- [TASK ITEM]
Exactly as written, transcribe the data from its opening line through the line containing "Enchanted Gothic Wedding". Leave every picture out.

- [GIVEN DATA]

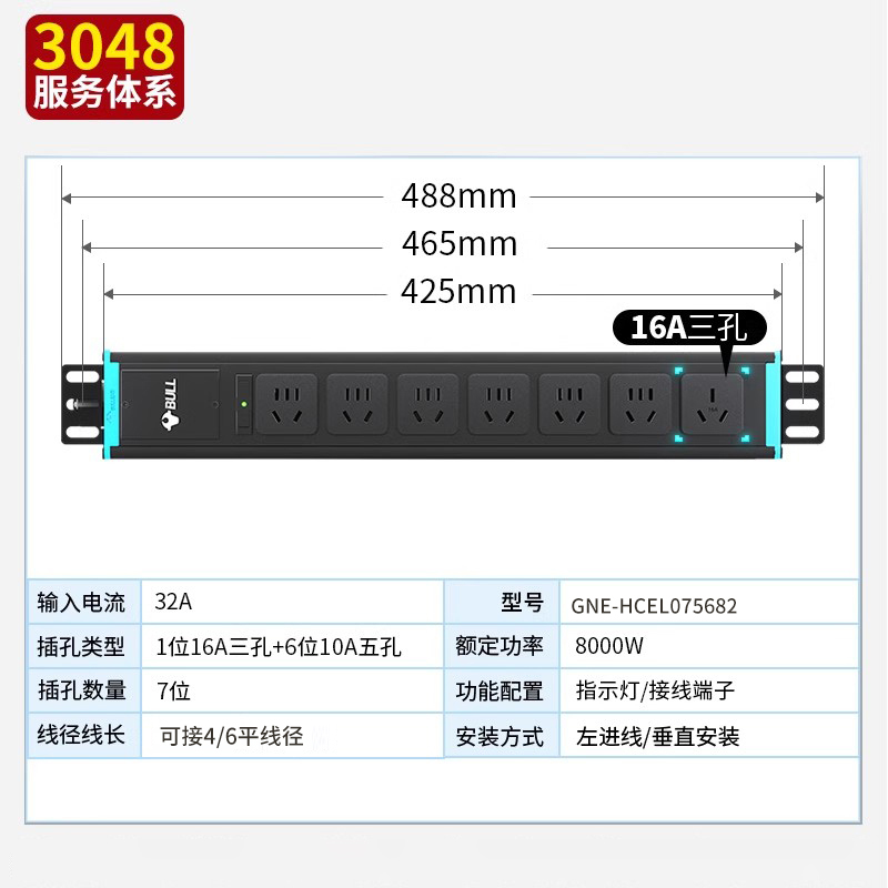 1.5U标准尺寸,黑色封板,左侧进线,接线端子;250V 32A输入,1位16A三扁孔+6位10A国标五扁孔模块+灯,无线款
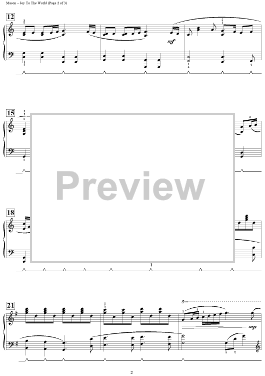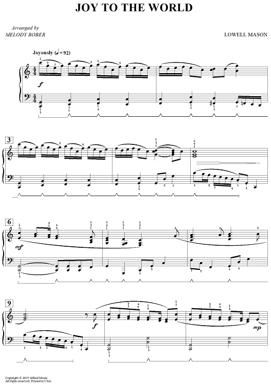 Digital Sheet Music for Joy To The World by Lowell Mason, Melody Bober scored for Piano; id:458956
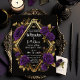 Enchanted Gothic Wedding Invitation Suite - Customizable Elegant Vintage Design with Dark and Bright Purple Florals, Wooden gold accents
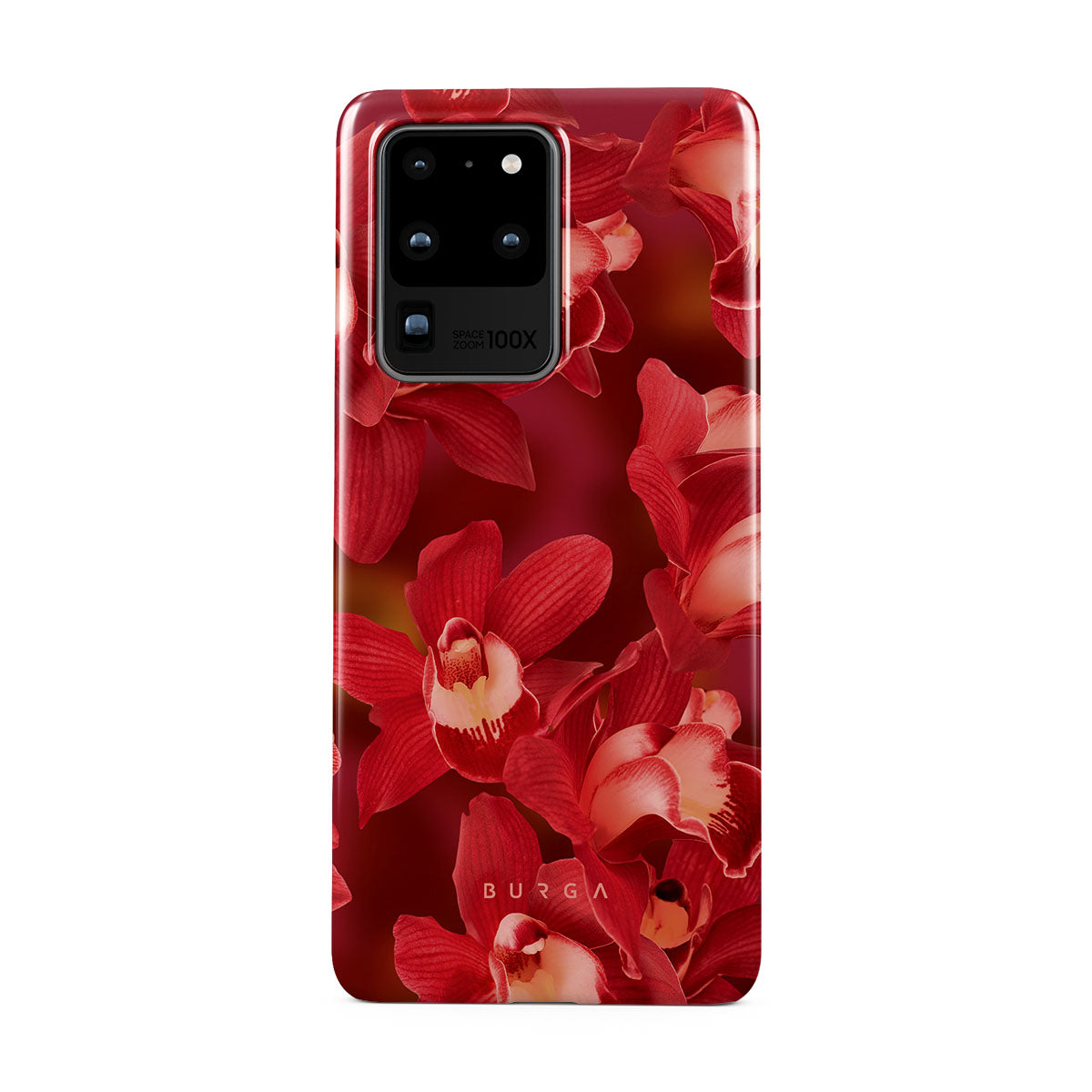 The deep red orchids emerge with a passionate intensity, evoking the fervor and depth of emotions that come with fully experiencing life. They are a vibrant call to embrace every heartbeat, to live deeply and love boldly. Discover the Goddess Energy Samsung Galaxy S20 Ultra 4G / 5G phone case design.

- [RESPONSE AREA]
 1.5U标准尺寸,黑色封板,左侧进线,接线端子;250V 32A输入,1位16A三扁孔+6位10A国标五扁孔模块+灯,无线款
 Digital Sheet Music for Joy To The World by Lowell Mason, Melody Bober scored for Piano; id:458956
 Enchanted Gothic Wedding Invitation Suite - Customizable Elegant Vintage Design with Dark and Bright Purple Florals, Wooden gold accents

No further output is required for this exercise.